** Directions for this task **
From the records below, copy out exactly the lines from the one containing "Mens Levis 501" to the one containing "切り通しをやや下った所。比叡山が見える。 ↓ |", both included. Add nothing else.

[Stored records]

»»

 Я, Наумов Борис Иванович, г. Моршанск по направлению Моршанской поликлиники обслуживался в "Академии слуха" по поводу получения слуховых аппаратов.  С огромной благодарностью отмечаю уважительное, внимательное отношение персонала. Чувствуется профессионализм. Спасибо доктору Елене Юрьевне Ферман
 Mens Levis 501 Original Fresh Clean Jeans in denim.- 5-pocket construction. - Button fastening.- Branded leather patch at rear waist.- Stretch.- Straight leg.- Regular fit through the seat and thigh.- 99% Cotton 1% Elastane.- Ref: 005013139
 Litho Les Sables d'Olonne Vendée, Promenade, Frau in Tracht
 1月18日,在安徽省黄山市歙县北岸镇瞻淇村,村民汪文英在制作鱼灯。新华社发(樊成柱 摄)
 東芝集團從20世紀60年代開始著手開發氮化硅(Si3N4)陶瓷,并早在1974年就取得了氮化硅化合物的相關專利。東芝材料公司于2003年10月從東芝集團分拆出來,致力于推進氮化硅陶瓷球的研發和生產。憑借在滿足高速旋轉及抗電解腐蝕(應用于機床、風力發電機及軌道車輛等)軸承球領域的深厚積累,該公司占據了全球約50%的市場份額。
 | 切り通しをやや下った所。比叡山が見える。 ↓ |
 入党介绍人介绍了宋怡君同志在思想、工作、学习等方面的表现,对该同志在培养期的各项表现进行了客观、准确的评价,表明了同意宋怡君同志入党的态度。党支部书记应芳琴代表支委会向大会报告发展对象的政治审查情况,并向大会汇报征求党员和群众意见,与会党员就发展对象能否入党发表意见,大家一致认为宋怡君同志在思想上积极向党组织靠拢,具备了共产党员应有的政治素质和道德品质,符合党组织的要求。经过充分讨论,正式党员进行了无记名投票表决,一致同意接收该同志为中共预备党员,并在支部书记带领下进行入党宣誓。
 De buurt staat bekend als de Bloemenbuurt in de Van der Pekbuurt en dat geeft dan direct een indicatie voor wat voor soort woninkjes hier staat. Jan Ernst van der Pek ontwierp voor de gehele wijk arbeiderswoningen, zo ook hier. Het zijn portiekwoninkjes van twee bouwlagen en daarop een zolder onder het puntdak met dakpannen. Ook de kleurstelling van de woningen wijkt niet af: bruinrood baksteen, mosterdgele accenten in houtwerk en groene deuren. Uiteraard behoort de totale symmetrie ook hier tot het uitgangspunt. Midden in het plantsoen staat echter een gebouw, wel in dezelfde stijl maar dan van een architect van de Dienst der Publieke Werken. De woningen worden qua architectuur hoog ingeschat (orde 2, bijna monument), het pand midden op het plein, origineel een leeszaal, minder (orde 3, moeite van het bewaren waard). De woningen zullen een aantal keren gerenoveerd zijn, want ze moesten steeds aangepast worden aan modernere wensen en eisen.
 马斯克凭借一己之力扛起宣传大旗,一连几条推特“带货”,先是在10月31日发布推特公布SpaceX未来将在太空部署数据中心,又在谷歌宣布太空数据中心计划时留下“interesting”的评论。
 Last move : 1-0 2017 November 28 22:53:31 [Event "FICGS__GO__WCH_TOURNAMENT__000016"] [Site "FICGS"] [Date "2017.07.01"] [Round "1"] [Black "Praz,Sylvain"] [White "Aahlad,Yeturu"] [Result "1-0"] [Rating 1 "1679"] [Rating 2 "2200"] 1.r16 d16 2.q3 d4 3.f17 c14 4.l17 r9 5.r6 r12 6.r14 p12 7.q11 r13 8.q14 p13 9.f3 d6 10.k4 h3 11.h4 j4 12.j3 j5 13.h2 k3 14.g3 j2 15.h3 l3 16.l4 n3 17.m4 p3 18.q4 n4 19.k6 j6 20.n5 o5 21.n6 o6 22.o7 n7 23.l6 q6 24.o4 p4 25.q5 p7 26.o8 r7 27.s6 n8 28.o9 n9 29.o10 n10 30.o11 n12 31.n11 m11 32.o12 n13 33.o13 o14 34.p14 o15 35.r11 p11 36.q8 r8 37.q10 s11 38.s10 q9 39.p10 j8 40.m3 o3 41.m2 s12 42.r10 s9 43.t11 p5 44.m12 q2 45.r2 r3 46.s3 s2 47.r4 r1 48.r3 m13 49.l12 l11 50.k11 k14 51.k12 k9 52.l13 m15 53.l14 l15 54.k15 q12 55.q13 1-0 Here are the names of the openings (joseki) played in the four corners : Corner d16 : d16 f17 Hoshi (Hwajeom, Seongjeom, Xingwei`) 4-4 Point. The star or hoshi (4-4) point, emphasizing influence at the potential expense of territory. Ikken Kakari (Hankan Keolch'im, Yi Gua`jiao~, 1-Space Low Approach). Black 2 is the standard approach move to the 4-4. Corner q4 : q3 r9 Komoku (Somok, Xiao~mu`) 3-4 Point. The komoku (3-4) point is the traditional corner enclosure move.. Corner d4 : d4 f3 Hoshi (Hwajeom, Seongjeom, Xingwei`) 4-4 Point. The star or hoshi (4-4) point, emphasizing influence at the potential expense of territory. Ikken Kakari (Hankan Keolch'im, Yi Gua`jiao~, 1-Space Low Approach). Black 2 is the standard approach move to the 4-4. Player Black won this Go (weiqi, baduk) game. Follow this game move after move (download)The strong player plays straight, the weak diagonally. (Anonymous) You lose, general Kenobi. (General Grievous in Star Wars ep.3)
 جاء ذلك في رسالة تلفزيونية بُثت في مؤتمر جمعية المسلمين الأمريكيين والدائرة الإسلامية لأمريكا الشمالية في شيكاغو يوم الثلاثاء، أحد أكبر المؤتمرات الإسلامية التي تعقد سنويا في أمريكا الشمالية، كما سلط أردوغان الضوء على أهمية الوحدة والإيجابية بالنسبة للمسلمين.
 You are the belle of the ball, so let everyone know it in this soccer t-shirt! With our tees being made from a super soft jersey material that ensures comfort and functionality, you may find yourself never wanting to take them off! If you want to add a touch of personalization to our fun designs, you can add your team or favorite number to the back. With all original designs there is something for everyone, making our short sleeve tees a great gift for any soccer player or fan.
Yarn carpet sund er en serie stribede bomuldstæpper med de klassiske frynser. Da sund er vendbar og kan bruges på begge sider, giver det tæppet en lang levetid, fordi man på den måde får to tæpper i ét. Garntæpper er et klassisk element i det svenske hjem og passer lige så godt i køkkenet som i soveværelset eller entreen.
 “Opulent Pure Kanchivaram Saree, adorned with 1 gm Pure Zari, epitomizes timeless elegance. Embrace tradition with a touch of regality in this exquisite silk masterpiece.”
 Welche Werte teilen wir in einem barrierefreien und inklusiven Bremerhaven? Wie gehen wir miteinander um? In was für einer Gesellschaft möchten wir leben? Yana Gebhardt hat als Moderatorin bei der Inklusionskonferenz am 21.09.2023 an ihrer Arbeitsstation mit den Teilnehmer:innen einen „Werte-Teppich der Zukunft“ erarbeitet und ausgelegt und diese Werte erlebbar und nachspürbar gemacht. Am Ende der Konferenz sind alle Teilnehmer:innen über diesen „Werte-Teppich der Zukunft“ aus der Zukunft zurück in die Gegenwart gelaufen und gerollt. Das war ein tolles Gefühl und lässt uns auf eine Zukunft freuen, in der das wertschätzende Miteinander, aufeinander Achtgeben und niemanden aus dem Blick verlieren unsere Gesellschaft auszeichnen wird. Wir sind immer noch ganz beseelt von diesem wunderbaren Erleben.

««

** Result of the task **
 Mens Levis 501 Original Fresh Clean Jeans in denim.- 5-pocket construction. - Button fastening.- Branded leather patch at rear waist.- Stretch.- Straight leg.- Regular fit through the seat and thigh.- 99% Cotton 1% Elastane.- Ref: 005013139
 Litho Les Sables d'Olonne Vendée, Promenade, Frau in Tracht
 1月18日,在安徽省黄山市歙县北岸镇瞻淇村,村民汪文英在制作鱼灯。新华社发(樊成柱 摄)
 東芝集團從20世紀60年代開始著手開發氮化硅(Si3N4)陶瓷,并早在1974年就取得了氮化硅化合物的相關專利。東芝材料公司于2003年10月從東芝集團分拆出來,致力于推進氮化硅陶瓷球的研發和生產。憑借在滿足高速旋轉及抗電解腐蝕(應用于機床、風力發電機及軌道車輛等)軸承球領域的深厚積累,該公司占據了全球約50%的市場份額。
 | 切り通しをやや下った所。比叡山が見える。 ↓ |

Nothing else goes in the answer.